We included studies that reported diagnostic test accuracy. From 6309 titles, 460 articles were retrieved, and 12 were included: noncontrast CT scan-six studies, 771 patients, pooled sensitivity 28.5% (95% confidence interval [CI] 14.4%-48.5%, moderate certainty) and specificity 98.9% (95% CI 93.4%-99.8%, moderate certainty); MRI-five studies, 943 patients, sensitivity 79.8% (95% CI 71.4%-86.2%, high certainty) and specificity 98.8% (95% CI 96.2%-100%, high certainty); CTA-one study, 153 patients, sensitivity 14.3% (95% CI 1.8%-42.8%) and specificity 97.7% (95% CI 93.8%-99.6%), CT had higher sensitivity than CTA (21.4% and 14.3%) for central etiology; MRA-one study, 24 patients, sensitivity 60.0% (95% CI 26.2%-87.8%) and specificity 92.9% (95% CI 66.1%-99.8%); US-three studies, 258 patients, sensitivity ranged from 30% to 53.6%, specificity from 94.9% to 100%.
Noncontrast CT has very low sensitivity and MRI will miss approximately one in five patients with stroke if imaging is obtained early after symptom onset. The evidence does not support neuroimaging as the only tool for ruling out stroke and other central causes in patients with acute dizziness or vertigo presenting to the ED.
急诊科(ED)出现急性眩晕或头晕的患者具有诊断挑战性。神经影像学具有不同的适应证和结果。

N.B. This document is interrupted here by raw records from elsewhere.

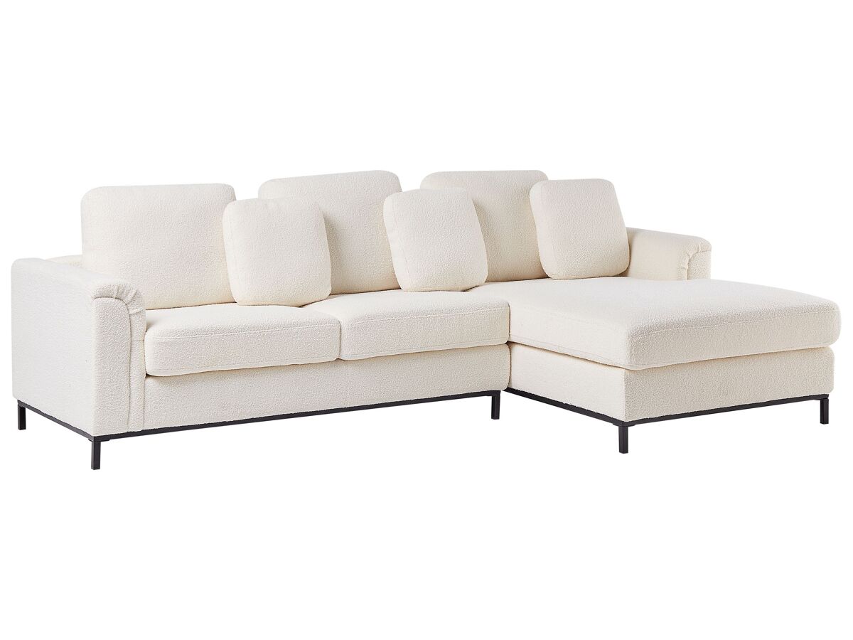 Precioso sofá seccional. Este sofá esquinero funcional combina bien con cualquier interior de estilo contemporáneo. Está fabricado a partir de bouclé suave de alta calidad. Su diseño garantiza el mejor descanso. Las patas de metal aportan un toque de modernidad a la pieza. Los cojines adicionales vienen con fundas extraíbles.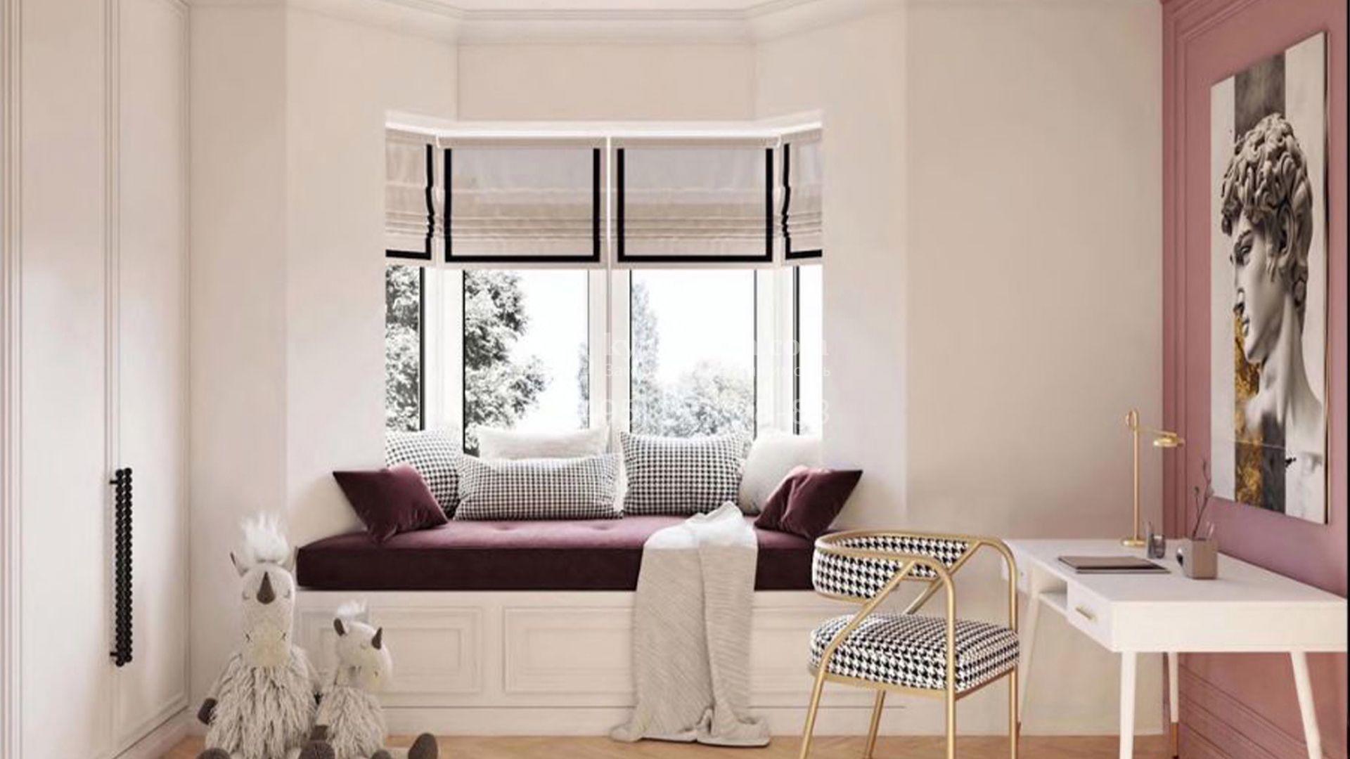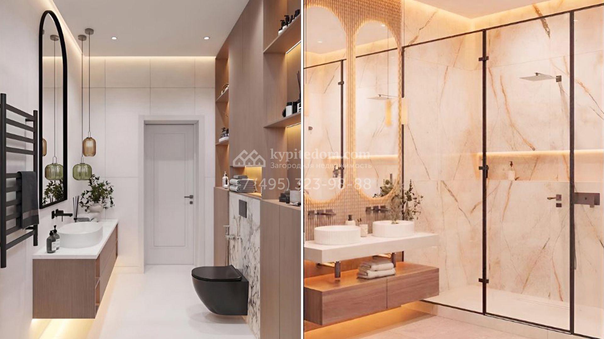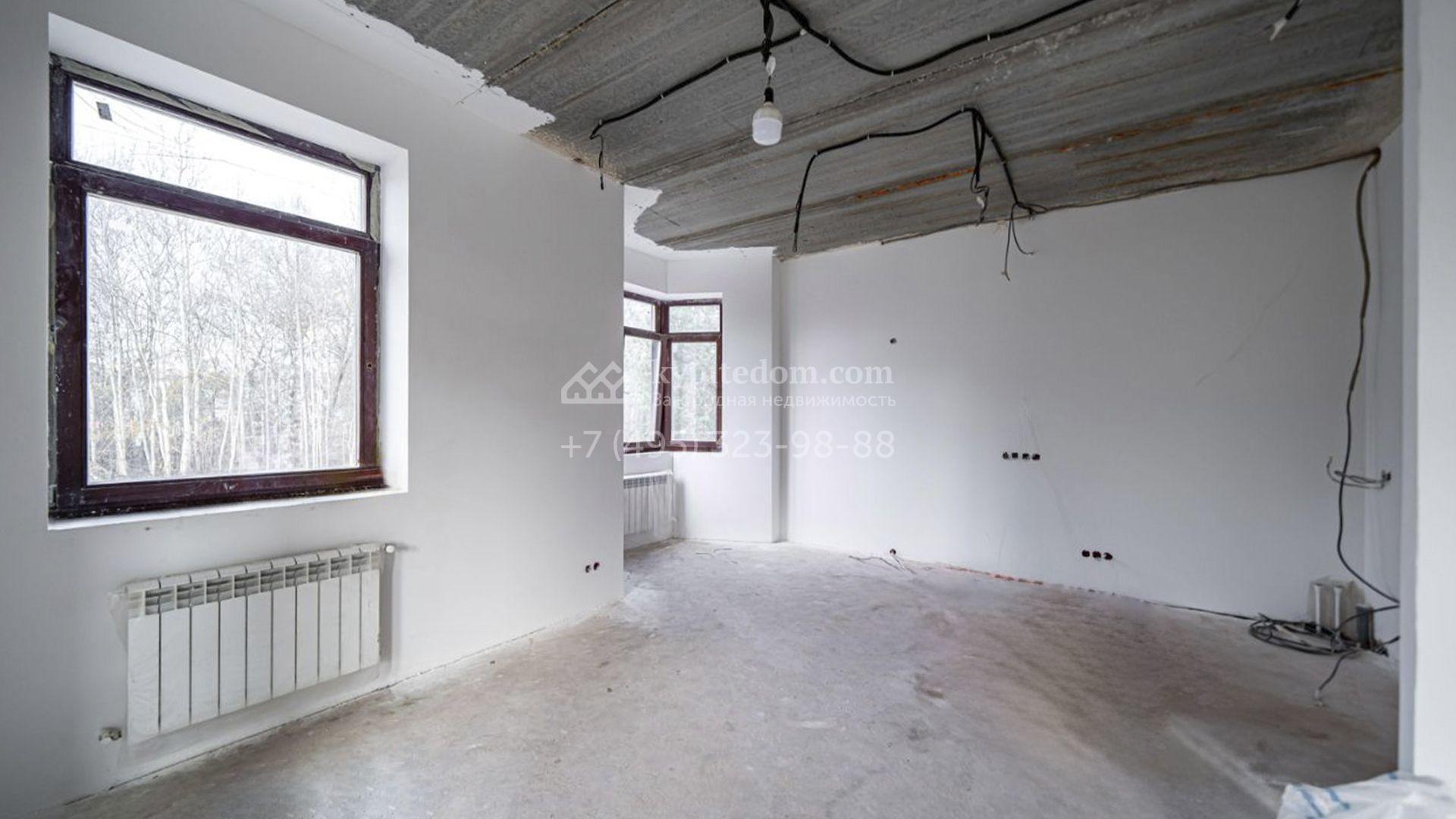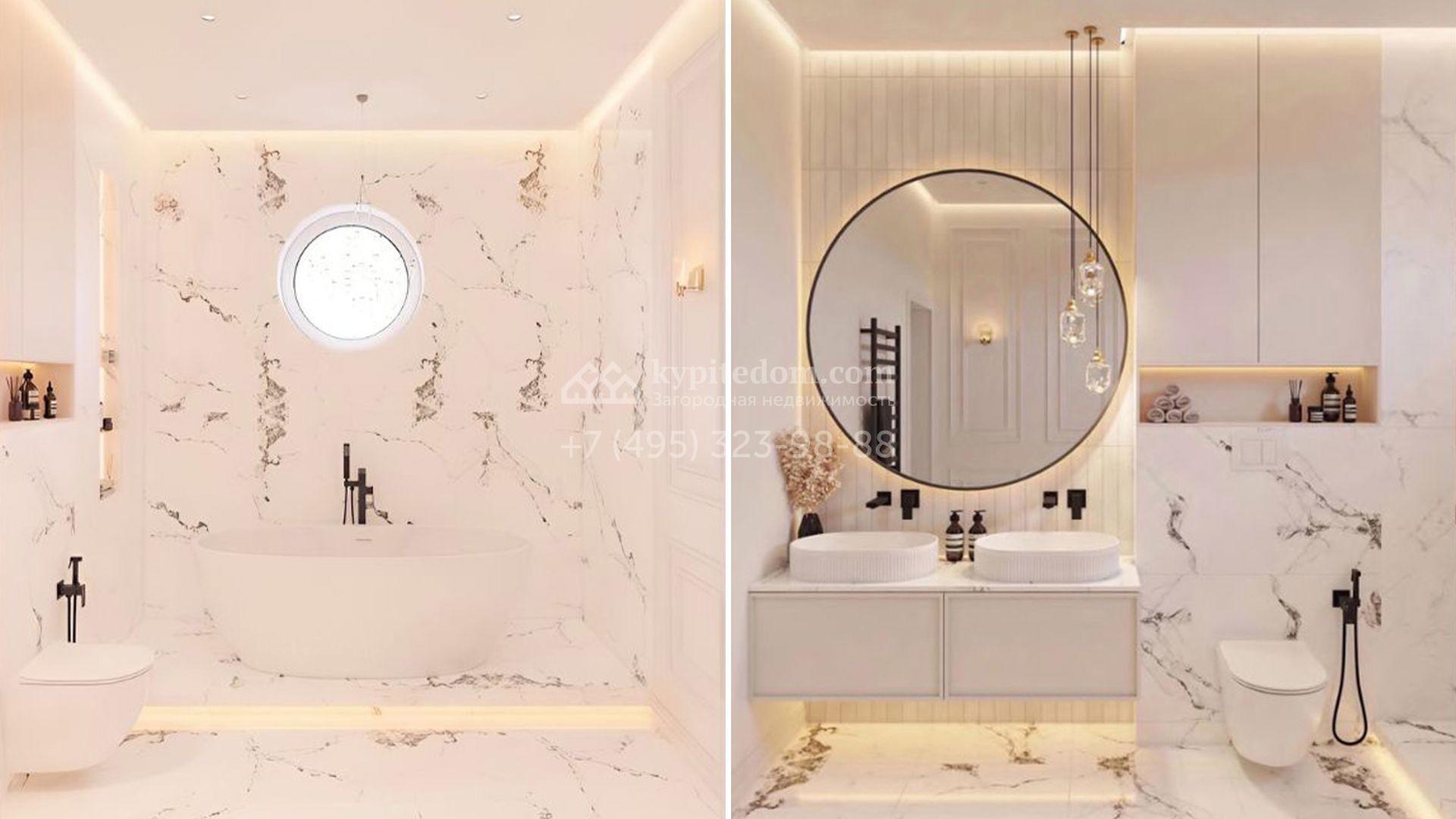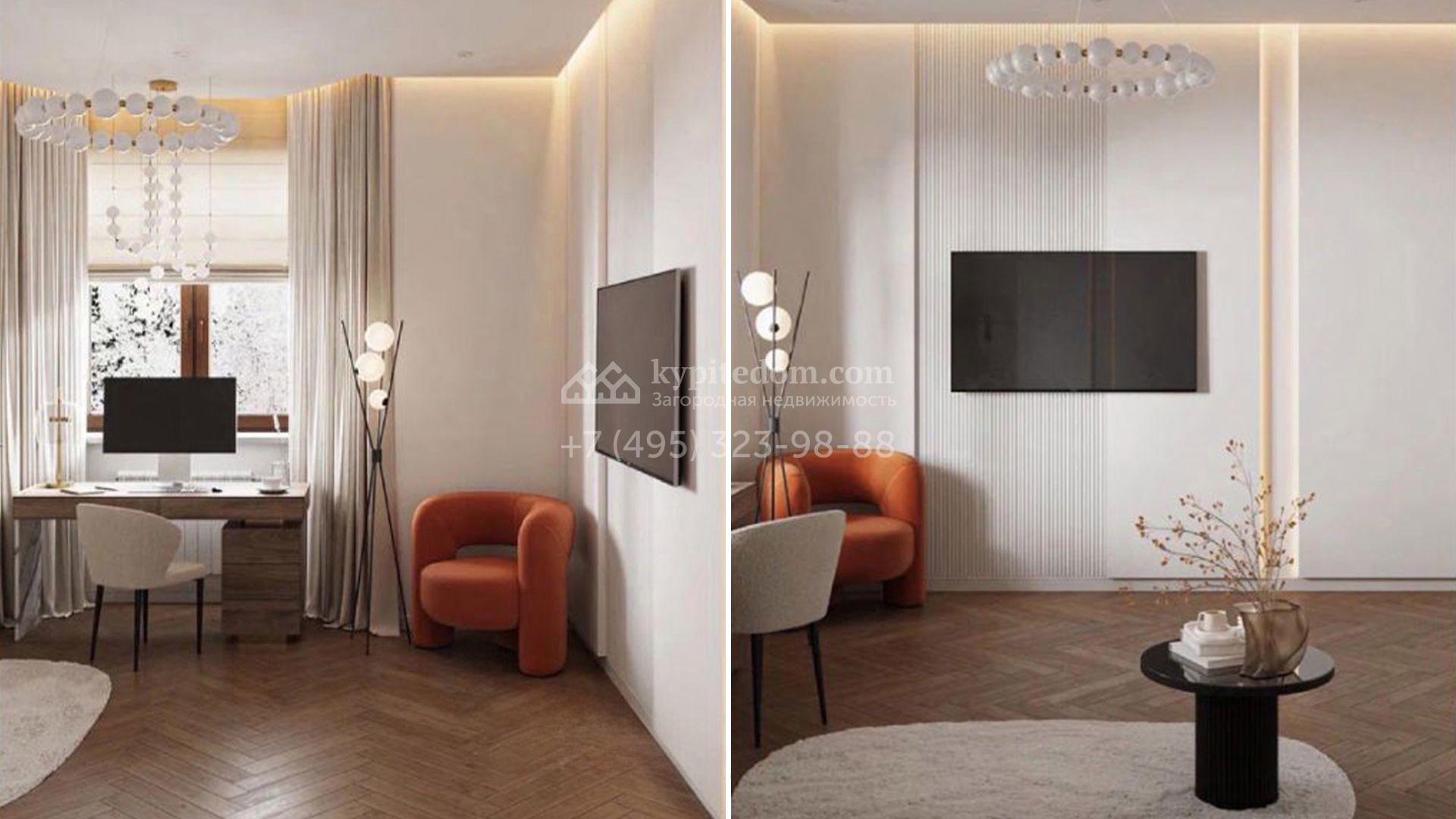 Загородный коттедж площадью 588 м² расположен на полевом участке 10,7 соток. Фасад выполнен в европейском стиле, облицован белой и бежевой штукатуркой в сочетании с плиткой, а также украшен изящными колоннами. Панорамные и эркерные окна наполняют интерьер естественным светом и создают ощущение простора. Отделка white box позволяет будущим владельцам выбрать финишные покрытия, мебель и технику на свой вкус, воплотив любые дизайнерские решения.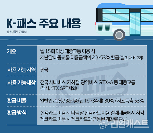 K-패스란 월 15회 이상 정기적으로 대중교통(시내·마을버스, 지하철, 광역버스, GTX 대상)을 이용할 경우 전달 지출금액의 일정비율을 다음 달에 환급해주는 교통카드입니다. 일정 시간 내 환승할 경우 1회 이용으로 간주되며 서민들의 교통비 부담을 줄여주는 역할을 수행해왔습니다. 환급 비율은 ▲일반인 20% ▲청년층(만 19~34세) 30% ▲저소득층 53%입니다.
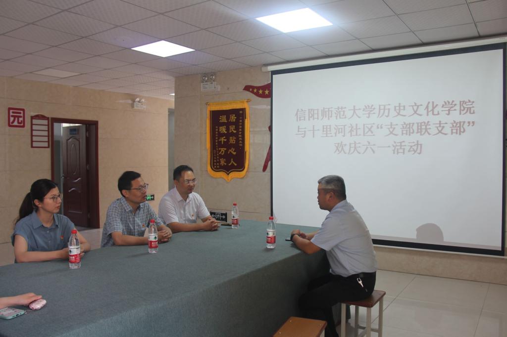 在六一儿童节到来之际,金年会诚信信誉至上党委于531日赴信阳市浉河区十里河社区开展“支部联支部”暨欢庆六一活动,学院党委书记李辉、党委副书记韩志宏及师生党员代表参加。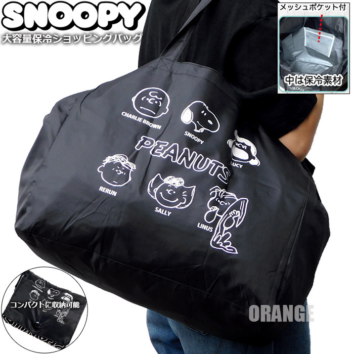 - 送料無料 スヌーピー 大容量 保冷バッグ コンパクト 折りたたみ レジカゴバッグ クーラーバッグ エコバッグ レディース メンズ ブラック□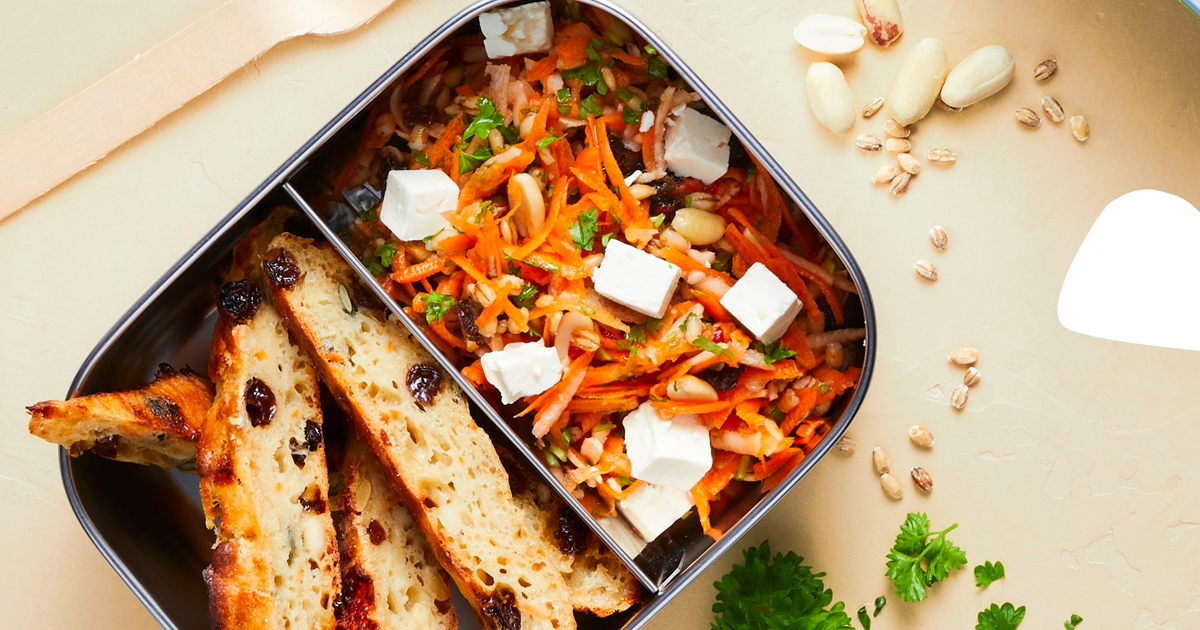 Tilbered fuldkornsperlebyggen som anvist på pakken. Rør chilisauce, salattern, purløg, uasaltede peanuts og rosiner. Vend blandingen godt sammen med de revne rødder og smag til.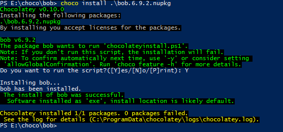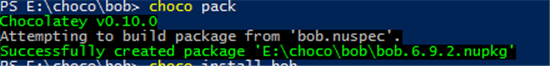 Run the command choco pack to create a chocolatey package as shown: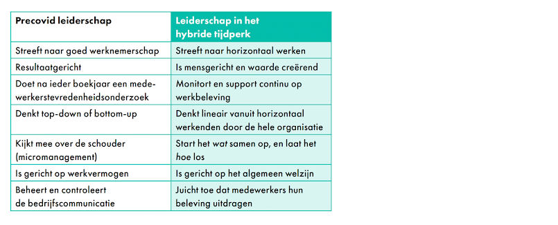 Leiders in tijden van het hybride werken lopen achter de groep, om in het oog te houden hoe het elk individueel groepslid vergaat. Daar waar entiteiten ontstaan die niet of niet meer voldoen aan de waardecreatie van de organisatie, breken zij koninkrijkjes af om nieuwe te kunnen laten ontstaan. De aanjagers van horizontaal werken nemen, anders dan voorheen, de mens en zijn werk als uitgangspunt. Zij initiëren en monitoren daarbij op hygiënefactoren, op motivatiefactoren en op affectie. Het gezamenlijk creëren van waarde op thema’s als klimaat, omgeving, maatschappelijke bijdrage en circulariteit staat daarbij op z’n minst gelijk aan het behalen van goede bedrijfsresultaten. Omdat ook de zogenaamde bedrijfsburgers het gedrag van gewoontedieren vertonen, is gedragsbeïnvloeding wenselijk voor zowel hun eigen welzijn als voor de organisatie. Met gedragsinterventies kunnen ze wendbaar, verbonden, vitaal, blij en veilig worden gehouden.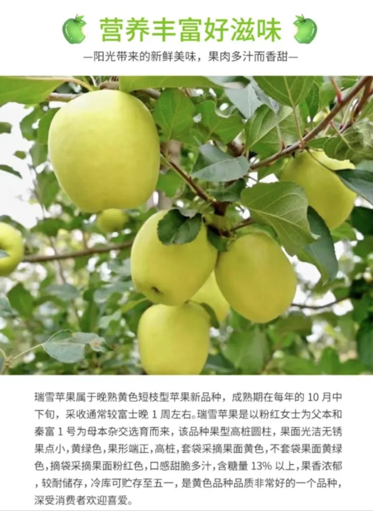 【重要提示】瑞雪苹果本身皮薄肉酥脆,生长中的擦伤、枝磨、果绣果斑、干疤等均属正常情况,不影响食用,另运输中轻微扎伤、碰伤面积小于一元硬币大小,果子碰伤1个不在售后范围内,超过一个,第二个果子开始按比例赔付。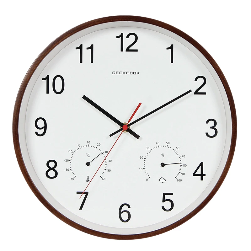 Geekcook 12 дюймовые Классические Деревянные Настенные часы Тихий кварцевый термометр гигрометр Влажность настенные часы для гостиной офиса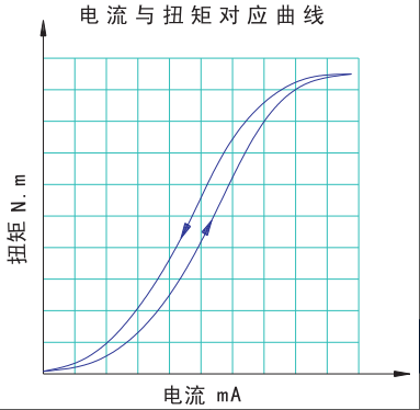 ◆励磁电流与输出转矩基本成比例关系,传送转矩在额定值的5-100%范围内可以被控制,输出扭矩为额定扭矩的100%-135%,小电流可以控制输出较大的转矩。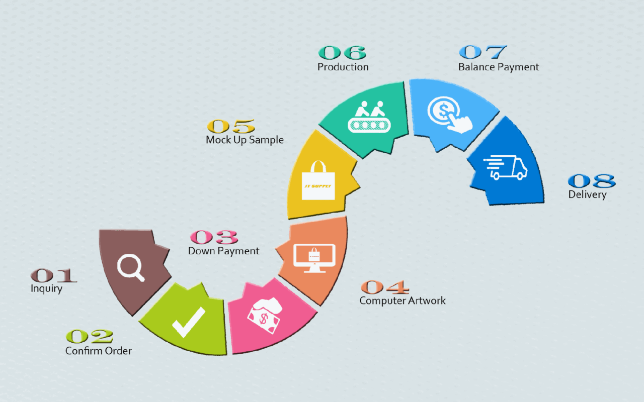 - Step 1 — Inquiries: Check out our product list to see our range of reusable bags, their specifications, and minimum order quantity.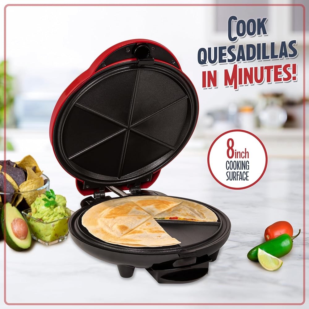 Bring the fiesta right into the kitchen and create crispy and delicious quesadillas quickly. The extra stuffing latch allows for more filling and the plate design creates 6 wedges that seal in the flavor. With the non-stick surface and drip tray cleanup is simple. Cooks quesadilla in just minutes.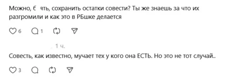 Nie abyšłosia i biez zaklikaŭ da sumleńnia: «Ci možna, bł**, zachavać reštki sumleńnia? Ty ž viedaješ, za što ich razhramili i jak heta ŭ RB robicca».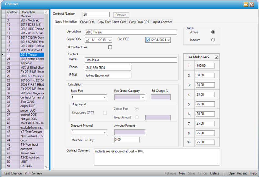 - Amount/Percent box will be open to enter percentage of markup. If %Markup is selected, be aware that this markup is added to the base fee. If the contract specifies 150% of Medicare Fee, for instance, the Markup should be 50%, to add an additional 50 percent to the existing base (Medicare) fee.

我们旨在对神经影像学在急性眩晕或头晕患者中的诊断准确性进行系统评价和荟萃分析。
根据患者干预对照结局(PICO)问题设计电子搜索-(P)成人急性眩晕或头晕就诊于 ED;(I)神经影像学包括计算机断层扫描(CT)、CT 血管造影(CTA)、磁共振成像(MRI)、磁共振血管造影(MRA)和超声(US);(C)MRI/临床标准;和(O)中枢性病因(中风、出血、肿瘤等)与症状的周围性病因。文章由两人独立评估。遵循系统评价和荟萃分析的首选报告项目(PRISMA)指南。使用推荐评估、制定和评价(GRADE)对汇总估计的证据确定性进行评估。
我们纳入了报告诊断准确性的研究。从 6309 个标题中,检索到 460 篇文章,其中 12 篇被纳入:非对比 CT 扫描-6 项研究,771 例患者,汇总敏感性 28.5%(95%CI 14.4%-48.5%,中等确定性)和特异性 98.9%(95%CI 93.4%-99.8%,中等确定性);MRI-5 项研究,943 例患者,敏感性 79.8%(95%CI 71.4%-86.2%,高确定性)和特异性 98.8%(95%CI 96.2%-100%,高确定性);CTA-1 项研究,153 例患者,敏感性 14.3%(95%CI 1.8%-42.8%)和特异性 97.7%(95%CI 93.8%-99.6%),CT 对中枢性病因的敏感性高于 CTA(21.4%和 14.3%);MRA-1 项研究,24 例患者,敏感性 60.0%(95%CI 26.2%-87.8%)和特异性 92.9%(95%CI 66.1%-99.8%);US-3 项研究,258 例患者,敏感性范围为 30%-53.6%,特异性范围为 94.9%-100%。
非对比 CT 的敏感性非常低,如果在症状发作后早期进行影像学检查,MRI 将错过大约五分之一的中风患者。证据不支持神经影像学作为 ED 出现急性头晕或眩晕患者排除中风和其他中枢性病因的唯一工具。